Смеркаться начало. Ветер унялся. Снег повалил, и уже гуще: Камень за ним не стал проглядывать.

Задремал Коля, спрятав, чтобы не зябли, руки в карманы пиджака и подбородком в грудь себе уткнувшись. Съехала кепка на глаза – в нос козырьком Коле упёрлась.

Прибежал Верный, виляя хвостом, покрутился возле спящего хозяина, обнюхал, что следует, обстановку изучил и убежал опять куда-то. Залаял где-то.

Шум непривычный Колю разбудил. Кепку поднял, глаза открыл он – смотрит.
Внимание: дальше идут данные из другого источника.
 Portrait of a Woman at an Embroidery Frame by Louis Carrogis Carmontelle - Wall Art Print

У костра стоит, возвышаясь, как дерево, Гриша – сучьев принёс, в костёр, ломая об колено их, подкладывает. На скамейке, перед заставленным банками, стаканами и заваленным продуктами обширным, как стол, пнём, сидят Рая и Фёдор. Пустое место между ними – расстояние. Рая в том же, в чём и днём была одета, – в розовой мохеровой шапке и вишнёвом пуховике, – выделяется среди мужчин, одетых в тёмное. На коротком, но толстом бревне – кто-то его откуда-то за это время притащил, – с другой стороны стола-пня, – Электрик и Флакон. Оба в ватных телогрейках. Электрик в серой разношенной шерстяной вязаной шапочке, с прилипшими к ней опилками – дрова пилил, наверное, недавно, – едва глаза не закрывающей, Флакон в облезлой кроличьей ушанке. Похож он, Флакон, чем-то на заблудившегося во времени бойца из отряда национального башкирского героя Салавата Юлаева. В Ялань попал вот только как? И они, Электрик и Флакон, на бревне особо не теснятся – между ними можно усадить ещё кого-нибудь. Свет от огня у всех на лицах.
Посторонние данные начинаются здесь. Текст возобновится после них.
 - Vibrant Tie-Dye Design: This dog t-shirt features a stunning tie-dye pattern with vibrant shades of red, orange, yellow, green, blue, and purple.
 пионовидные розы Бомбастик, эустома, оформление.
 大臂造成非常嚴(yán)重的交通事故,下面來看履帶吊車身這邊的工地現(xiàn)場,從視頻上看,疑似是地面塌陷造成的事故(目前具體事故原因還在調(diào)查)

Наши мертвые нас не оставят в беде, наши павшие, как часовые…

Рая смеётся весело и говорит:

– Фёдор Каримович, дай денег в долг.

– С какой стати? – говорит Фёдор Каримович. – Самой надо зарабатывать, не остарела. Вон ещё баба хоть куда! Вставь только зубы – и на выставку.

– Вот это верно. Как кобылу, – говорит Электрик. – На ней хоть чё можно возить – упрёт, не п….т.

– Молчи в тряпочку, – говорит Рая. – Умник нашёлся. И выражения-то выбирай – не дома. С людьми приличными общаешься.

– Дома бы были, я бы выбрал, – говорит Электрик.

– Гы-гу, – Флакон так отозвался. Голову в плечи утянул, глаза – как щелки. Сидит, как филин, затаился.

– Дашь деньги – вставлю! Золотые. Я верну, Фёдор Каримович! Я ведь такая, – говорит Рая – как будто очередь из пулемёта выпалила – не сказала. Выпить и закусить никак не уловчится – держит уже несколько минут на весу в одной руке ломоть ветчины, в другой – белый пластмассовый стакан, но донести до рта его никак не удаётся ей – от смеха. Ногой за чурку зацепилась, другой упёрлась туго в пень – чтоб со скамейки не свалиться. – Я обязательная, – говорит.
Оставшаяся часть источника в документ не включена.